In Chapter 5, Lanham writes (talks) about voice (in writing). He is amplifying what he has been saying all along in Analyzing Prose. Different voices come through different styles. Prose is shaped by style. Voice is shaped by style. Point of view and meaning are shaped by style. Understanding how a piece is written is essential to fully understand what that piece is trying to get across.
This follows from what Lanham has been saying from the beginning of the introduction. Writing is much more like speaking than the stilted language of textbooks. Writers have individual personalities, and they come out of their prose in different ways. They use style to accomplish this feat of telepathic time travel, beaming from their time and mind to ours, becoming distinct -- through style.

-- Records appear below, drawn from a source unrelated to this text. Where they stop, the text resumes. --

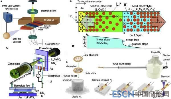 (B)通過TEM操作的EH,在充電狀態(tài)(頂部)下的電極—電解質(zhì)界面處的鋰離子和電子的分布以及測量的電位分布(底部);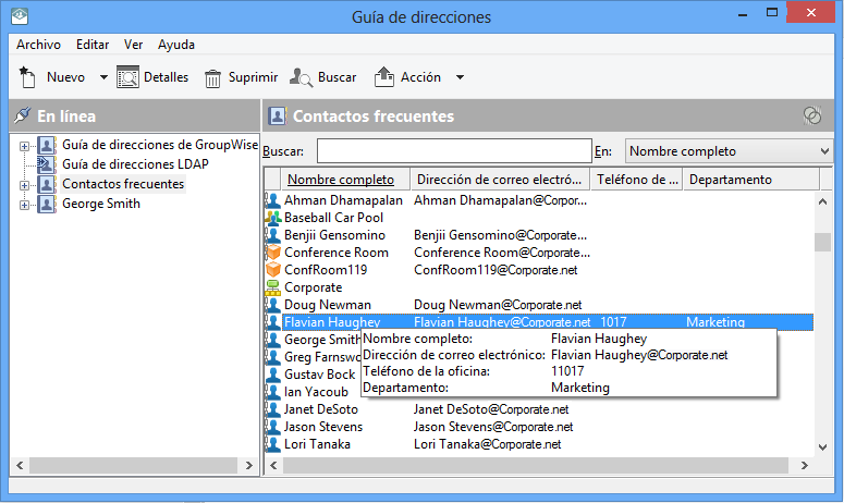 en la barra de herramientas de la ventana principal. El panel izquierdo muestra la guía de direcciones de GroupWise, la guía de direcciones LDAP, la guía de direcciones Contactos frecuentes y cualquier guía de direcciones personales que haya creado.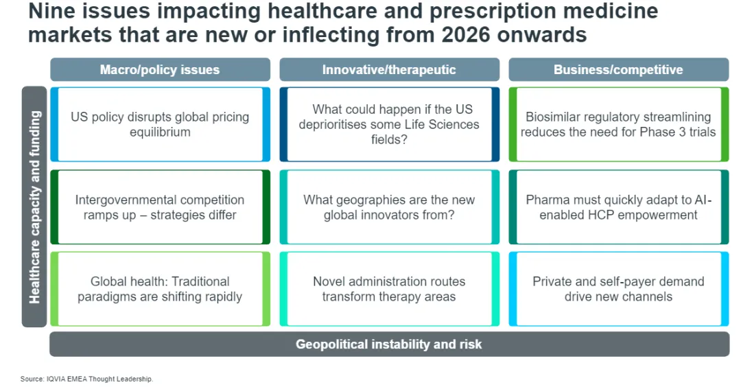 2026年全球医疗健康与生命科学领域迎来深刻变革。本文是IQVIA发布的Nine for 2026: Nine issues that are new or trend-breaking in 2026 for global Life Sciences and healthcare系列文章的第二篇,聚焦IQVIA对将在2026年及未来深刻影响处方药市场与全球医疗健康格局的最具影响力的新兴与突破性议题解读。
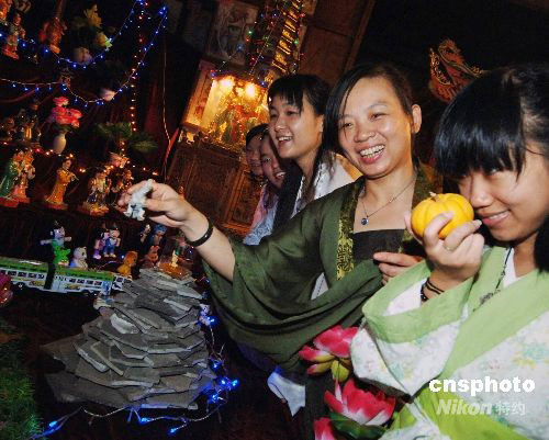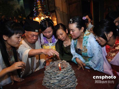 9月13日,五十多名福建漢服愛(ài)好者在福州名勝裴仙宮舉行擺塔慶中秋,重現(xiàn)福州民俗。據(jù)傳“擺塔”源于明嘉靖年間戚繼光奉命來(lái)閩抗倭,連打幾場(chǎng)大勝戰(zhàn)。有一次正逢中秋節(jié),為慶祝勝利,人們把古玩等擺在廳堂供人欣賞。過(guò)去福州的塔比較多,擺設(shè)品多為古塔狀,故稱“擺塔”。中新社發(fā) 劉可耕 攝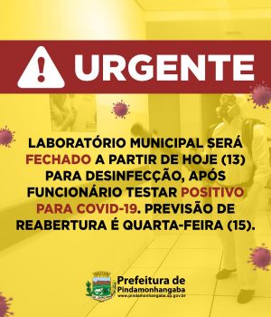 O laboratório municipal de Pindamonhangaba ficará fechado no período da tarde de segunda-feira (dia 13) e o dia todo na terça-feira (dia 14) para desinfecção e higienização do local, que deve ser reaberto na quarta-feira (dia 15).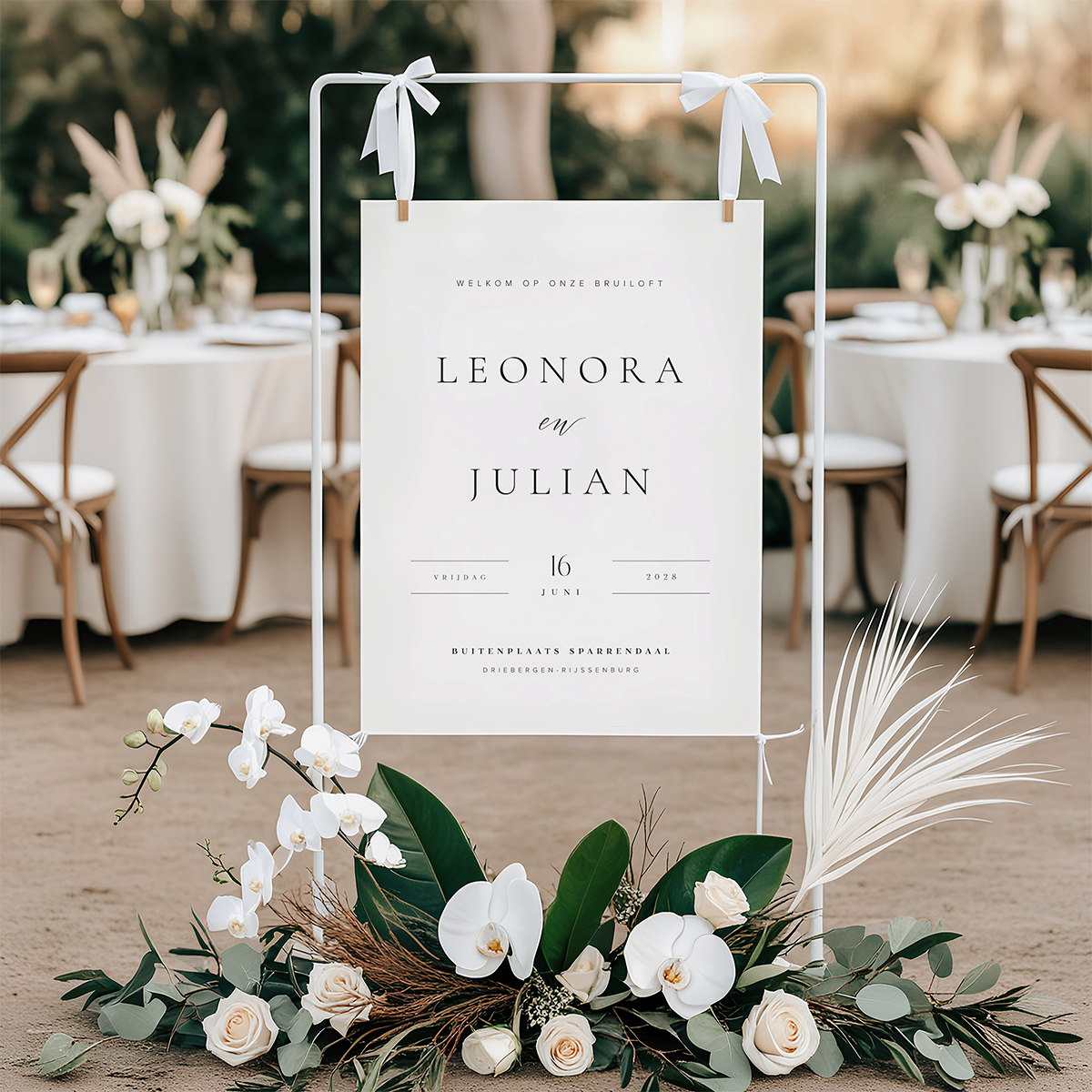 Verwelkom jullie gasten met een stijlvol trouwbord, passend bij stationery Le Vieux.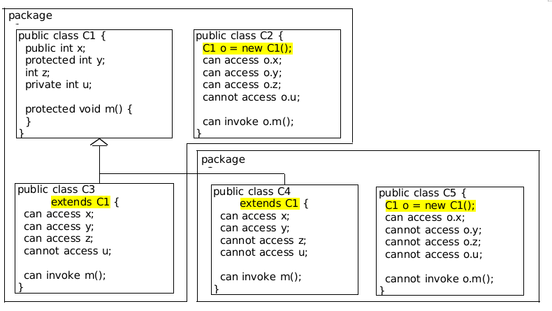 现在我们可以完整访问修饰符了。有了继承后,有了一个新的修饰符叫做 protected比 public更严格比 缺省 更宽松;其含义是允许其子类型拥有完全的访问,而不关心是否在同一个包当中。记住下面这张表格就可以了。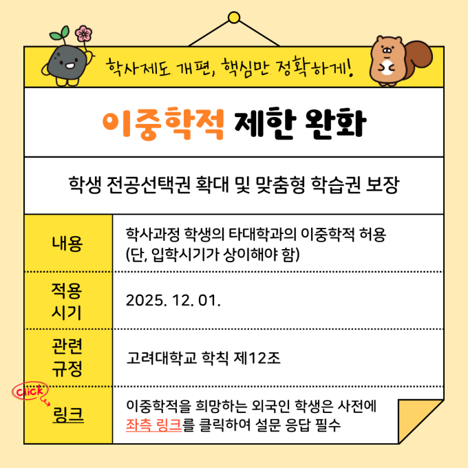 링크 | 이중학적을 희망하는 외국인 학생은 사전에 링크를 클릭하여 설문 응답 필수 |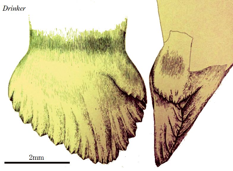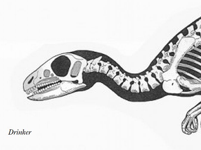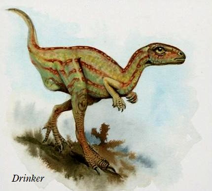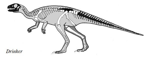 | ドリンカーの化石は、アメリカ、ワイオミング州、コモブラフのメインブ レックファーストベンチ採石場のジュラ紀後期(約1億5600万年前)のモ リソン累層から発見された。化石は、部分的な顎、椎骨および部分的な 手足であった。既知の最小の恐竜の1つであり、二足歩行の草食恐竜であ る。ドリンカーの名前は、科学者として19世紀に、1400以上の論文を発 表した古生物学者エドワード・ドリンカー・コープに敬意を表して名付けら れた。数個体の、かなり完全な化石が知られている。複数の密集した個 体は、ドリンカーが巣穴に住んでいた可能性があることを示している。広 い足は、その重量を広い表面積に広げるのに役立った、おそらく湿地環境 に住んでいたことを示唆している。最大全長は、約1.8m、体重は、約10 Kgと推定されている。 |

Prose is one of the most flexible forms of communication we have. The same things that define our speech -- vocabulary, cadence, diction, rhythm -- appear in our writing, with similar effect. The subtle difference is that you can get away with things in speech that become glaringly obvious in writing, and so writing has to be more careful. More choosy about what tactics it employs, and when. Repetition is more jarring when repeated on the page, and alliteration more alarming. At the same time, reading aloud a piece of writing is a way of teasing out the writer's unique style in any given piece.
When Lanham writes about parataxis and hypotaxis, running and periodic styles, saccades, suspension, parallelism, anaphora, and isocolons, he is explaining the tools, or elements (if you will) of style. Strunk & White were unnecessarily prescriptive, but they popularized a great phrase.